## RECORD SET

----------

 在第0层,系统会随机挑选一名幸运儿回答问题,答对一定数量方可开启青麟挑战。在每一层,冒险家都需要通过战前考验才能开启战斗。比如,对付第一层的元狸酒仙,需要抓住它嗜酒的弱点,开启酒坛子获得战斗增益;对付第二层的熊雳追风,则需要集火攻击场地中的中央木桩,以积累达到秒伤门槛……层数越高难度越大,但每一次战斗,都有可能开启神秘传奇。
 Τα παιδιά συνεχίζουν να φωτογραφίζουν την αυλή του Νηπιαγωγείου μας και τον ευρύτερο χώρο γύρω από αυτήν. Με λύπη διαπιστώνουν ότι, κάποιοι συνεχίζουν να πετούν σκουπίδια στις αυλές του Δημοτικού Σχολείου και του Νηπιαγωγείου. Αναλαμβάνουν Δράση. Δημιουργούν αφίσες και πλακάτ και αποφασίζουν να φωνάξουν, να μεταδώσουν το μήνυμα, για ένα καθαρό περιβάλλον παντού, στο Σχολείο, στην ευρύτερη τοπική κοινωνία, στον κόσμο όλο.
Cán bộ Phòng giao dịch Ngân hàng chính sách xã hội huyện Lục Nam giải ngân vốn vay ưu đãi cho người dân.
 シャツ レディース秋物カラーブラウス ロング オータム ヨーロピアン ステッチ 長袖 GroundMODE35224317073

----------

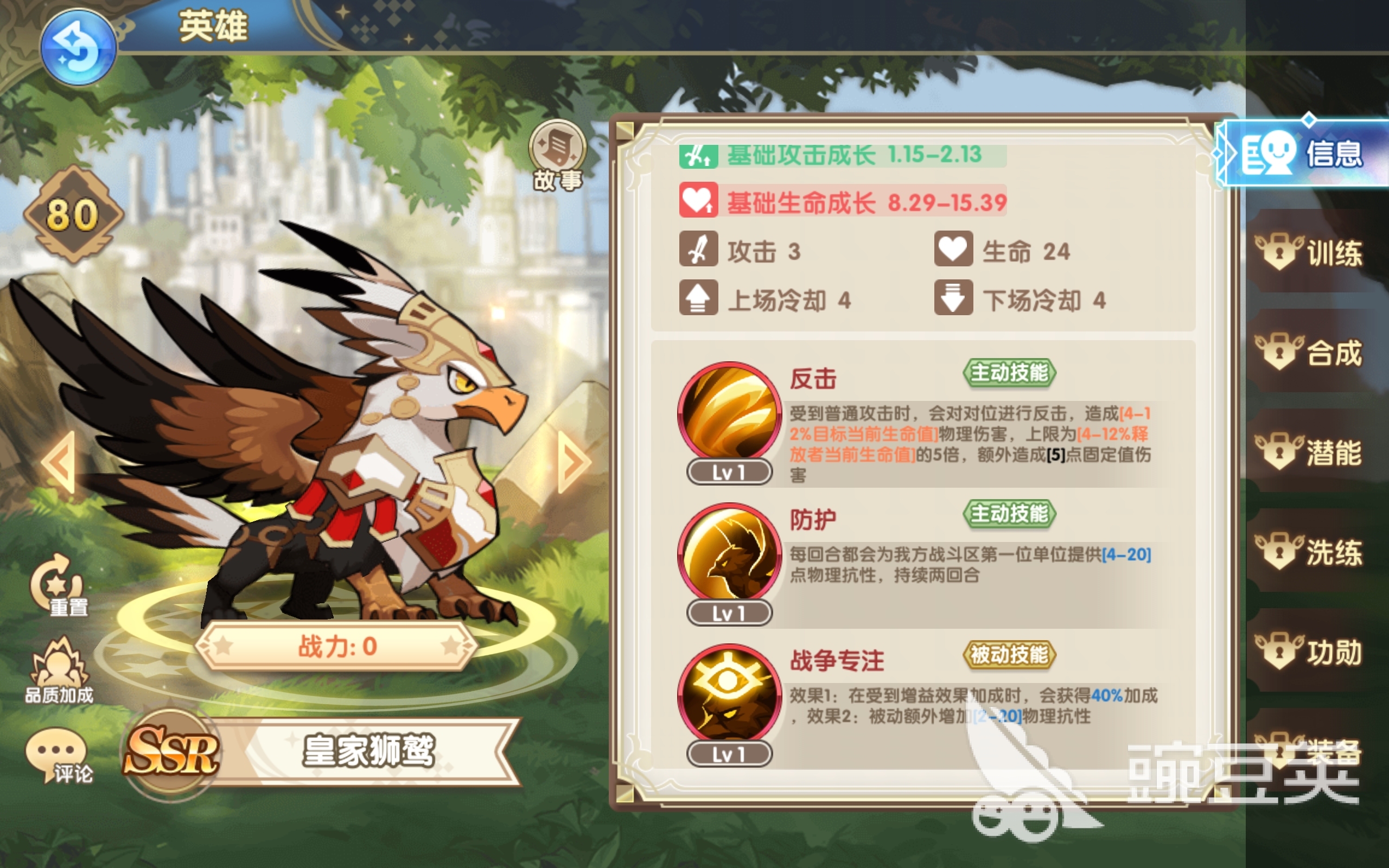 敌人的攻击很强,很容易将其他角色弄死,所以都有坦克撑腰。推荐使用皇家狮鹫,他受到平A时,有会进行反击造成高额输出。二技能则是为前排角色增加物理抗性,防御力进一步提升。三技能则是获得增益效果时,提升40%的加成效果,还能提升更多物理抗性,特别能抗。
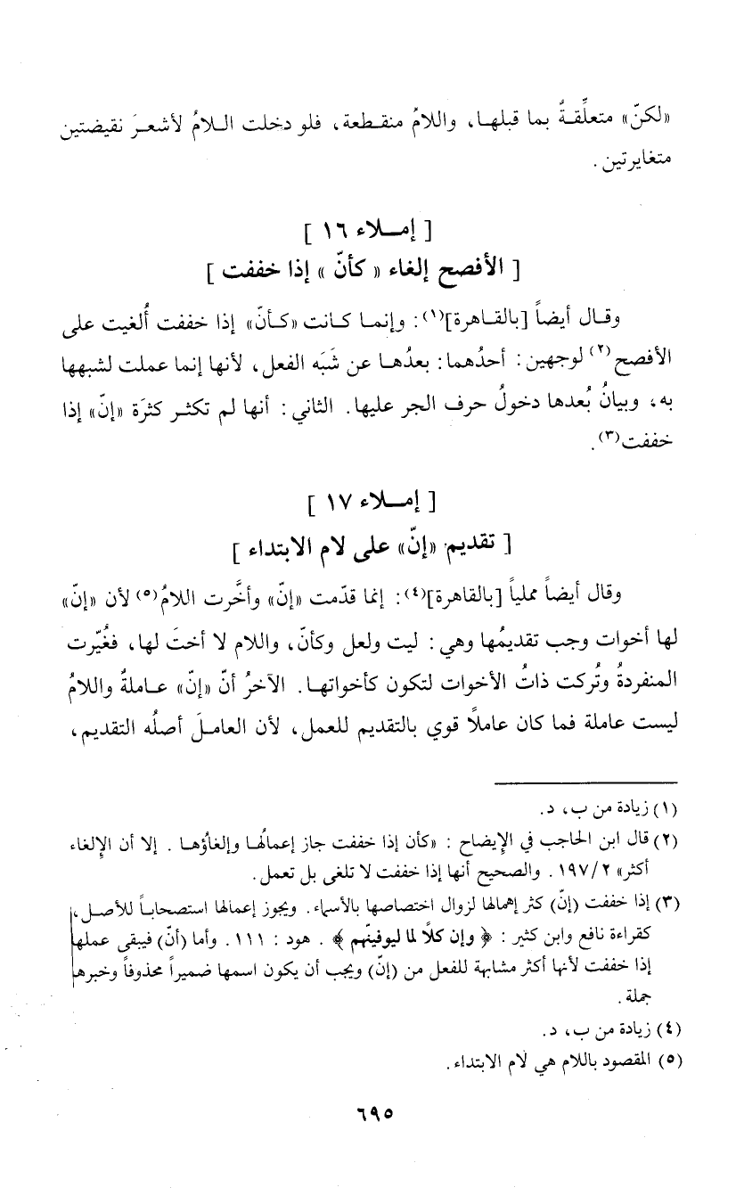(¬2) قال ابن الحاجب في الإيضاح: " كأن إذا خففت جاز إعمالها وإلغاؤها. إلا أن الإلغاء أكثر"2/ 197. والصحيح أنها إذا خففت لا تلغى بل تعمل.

----------

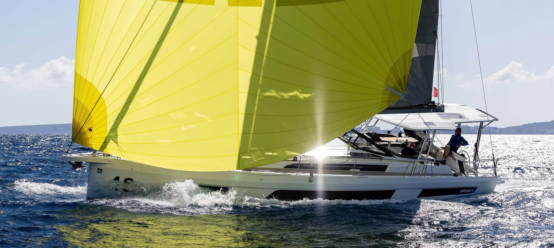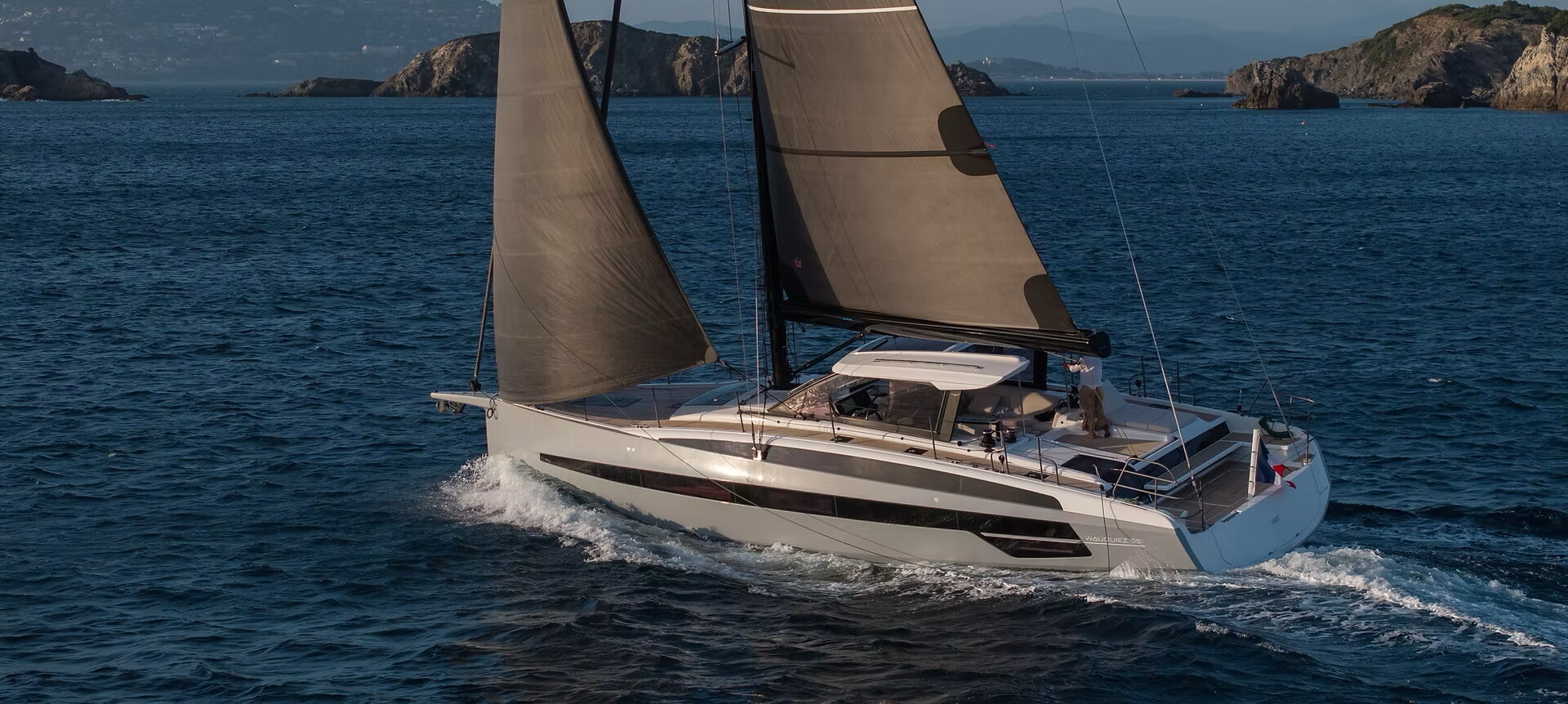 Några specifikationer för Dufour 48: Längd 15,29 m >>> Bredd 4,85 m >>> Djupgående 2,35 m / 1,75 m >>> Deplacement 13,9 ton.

----------

## HOW TO COMPLETE THIS TASK
Repeat, character for character, the lines of the material above from the line with "Cán bộ Phòng" through the line with "シャツ レディース秋物カラーブラウス ロング".

## PROBLEM SOLUTION
Cán bộ Phòng giao dịch Ngân hàng chính sách xã hội huyện Lục Nam giải ngân vốn vay ưu đãi cho người dân.
 シャツ レディース秋物カラーブラウス ロング オータム ヨーロピアン ステッチ 長袖 GroundMODE35224317073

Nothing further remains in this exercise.